A Castro se le reconoce por el sistema de salud y educación cubano, por enviar médicos a países en guerra y por servir de faro cultural en las décadas de 1960 y 1970. Pinochet, por su parte, puso en marcha el modelo económico más efectivo de todo el hemisferio sur y dotó a Chile con una de las calidades de vida y PIB per cápita más altos del continente. Lo que suele dejarse en el tintero son los muertos y los presos políticos de uno y otro bando, los miles de chilenos que perdieron su vida intentando cruzar los Andes o las balsas improvisadas llenas de cubanos y de sueños hacia las costas de la Florida. Si bien ambos tuvieron a sus intelectuales que les apoyaron en mayor o menor medida (García Márquez a uno y Borges al otro, por mencionar algunos) también hay nombres y apellidos de quienes tuvieron que recurrir al exilio o directamente fueron asesinados en sus propios países por cometer el gravísimo error de pensar por sí mismos. Estos fueron los casos de Carlos Montaner, hijo de revolucionarios cubanos que abandonó La Habana luego de recibir amenazas de muerte desde el gobierno por pedir que en la universidad se estudiara otros postulados económicos más allá de los marxistas, o Víctor Jara, músico chileno asesinado por hacer uso de la libertad de expresión con su arte. El primero salió al exilio, mientras que el segundo se quedó y fue asesinado.

Si bien las malas acciones no desprestigian las buenas, tampoco las buenas justifican las malas; pero si de algo puedo estar seguro es que todas estas obras no eran imposibles de realizar bajo un contexto democrático, que no había un porqué para sacrificar a esos muertos o a esos presos políticos por buen sistema de salud pública o por una economía próspera. Muestra de ello han sido Costa Rica y Uruguay, dos países cuyos gobiernos democráticos han instaurado modelos educativos, económicos y sanitarios que sirven como ejemplo para el resto del continente.

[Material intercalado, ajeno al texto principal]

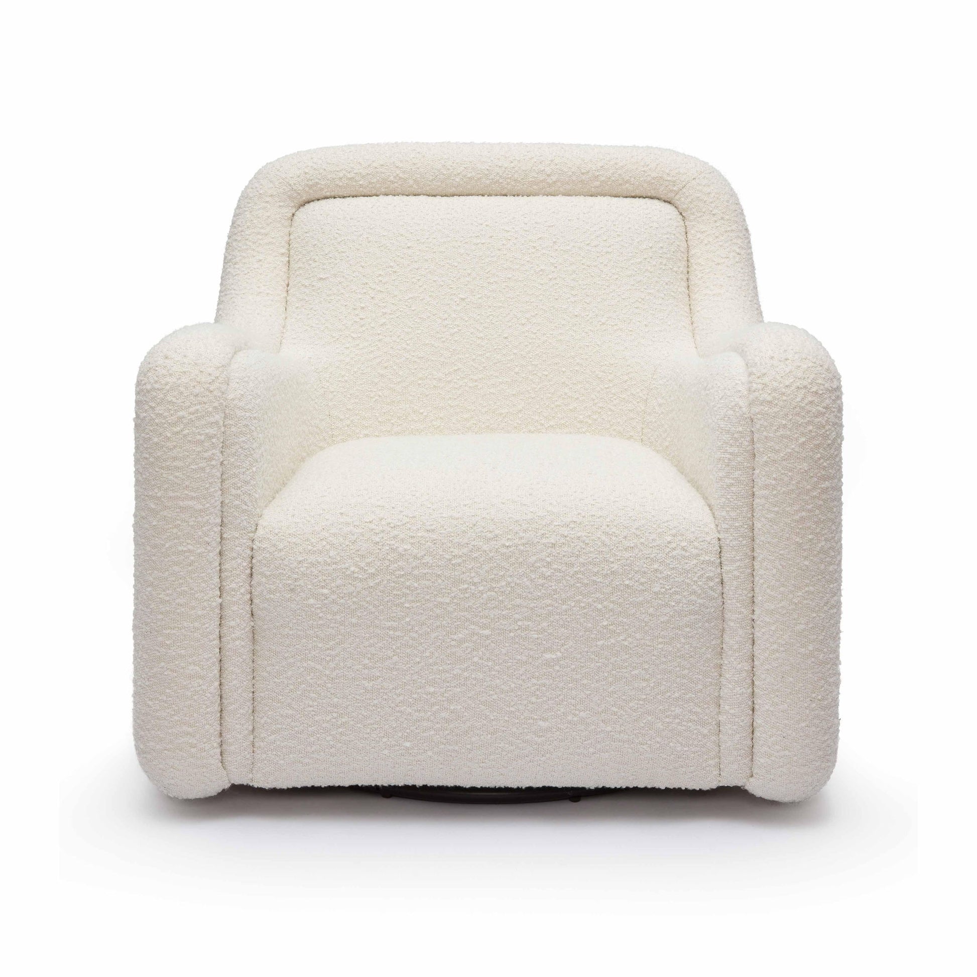 Sink into the embrace of the Charli Swivel Chair, where form meets function in the most inviting way. Available in your choice of two soft boucle fabrics or a textured basketweave chenille, this chair offers a cozy, elevated feel that is as durable as it is beautiful. Its contract-grade fabrics are easy to clean, making it a perfect fit for busy spaces. With bold tubular arms and sensual curves, the Charli Swivel Chair invites you to spin into style and comfort; every moment, effortlessly chic.
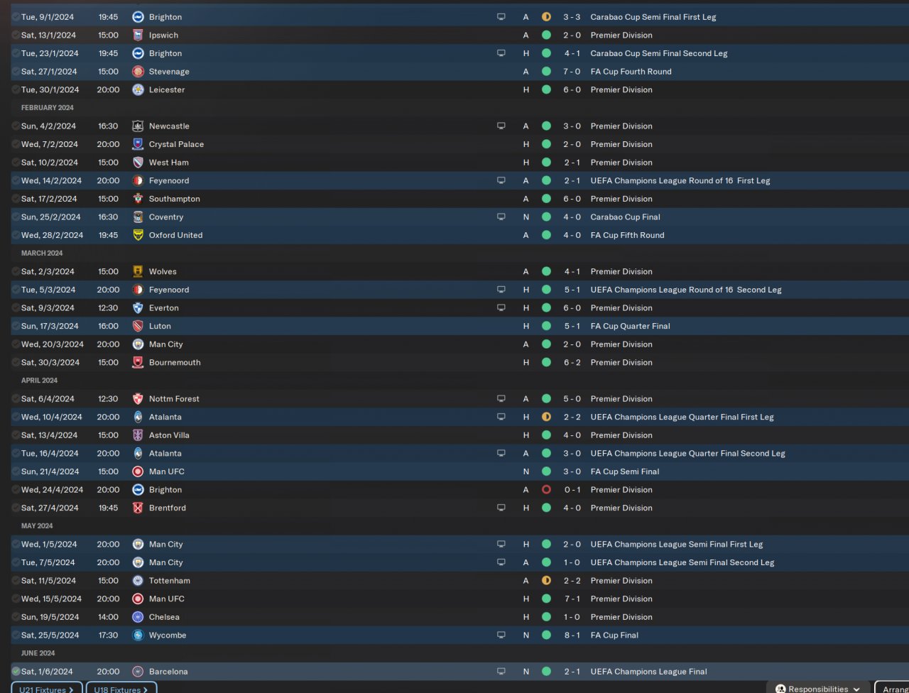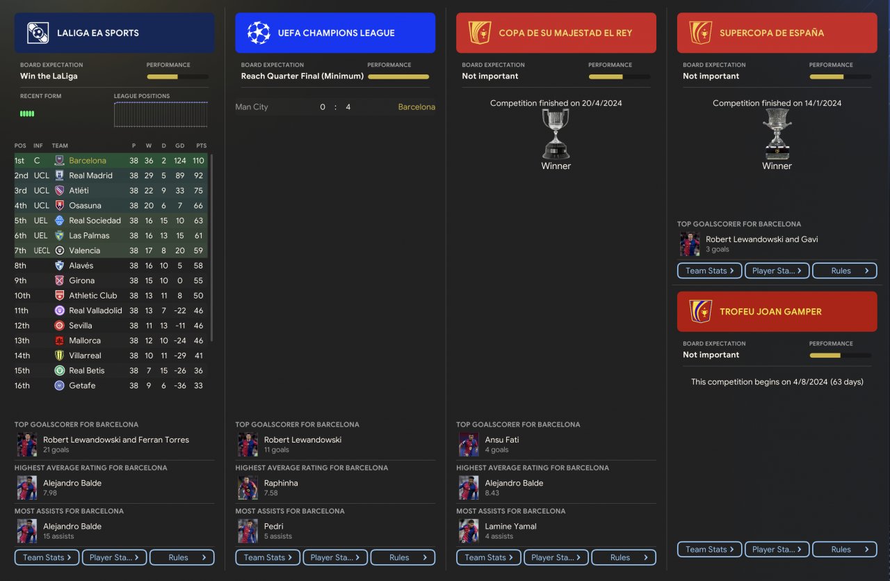 Just wanted to share my results with this tactic. First season with Barcelona, quadruple and undefeated in the league too! Also I only conceded 18 goals whilst scoring 142 goals in the league.

Los médicos cubanos, con Castro o sin Castro, hubieran sido esos mismos médicos; porque los economistas chilenos, con o sin Pinochet, hubieran sido esos mismos economistas. Porque de nada vale una economía en alza o un gran sistema de salud cuando no se puede jugar, cantar, hablar o llorar —donde uno quiera, cuando uno quiera y por quien uno quiera— por miedo a que un fusil venga a silenciar el juego, el canto, las palabras y el llanto. Porque los últimos días de gobierno de Castro y Batista no fueron muy distintos, porque Pinochet le puso fin al gobierno de Allende alegando que este se convertiría en una dictadura, una situación casi onírica.

Argumentar que existen unas dictaduras mejores o «menos malas» que otras es pecar de ingenuidad porque todas, sin importar sus colores u orígenes, ponen punto final a la libertad individual, Y una vez que la libertad muere también lo hace la justicia.

Dar o intentar dar justificaciones de un régimen autoritario es faltar al respeto a todos los que en Él perdieron la vida o se exiliaron para poder decir, desde afuera, lo que su propio país le negaba. Se puede, y nosotros mismos lo hemos demostrado, salir adelante sin pasar por encima de nadie más: esa es la base del desarrollo y del progreso. En estos tiempos que corren es necesario luchar juntos por una América libre, sin Castros ni Pinochets.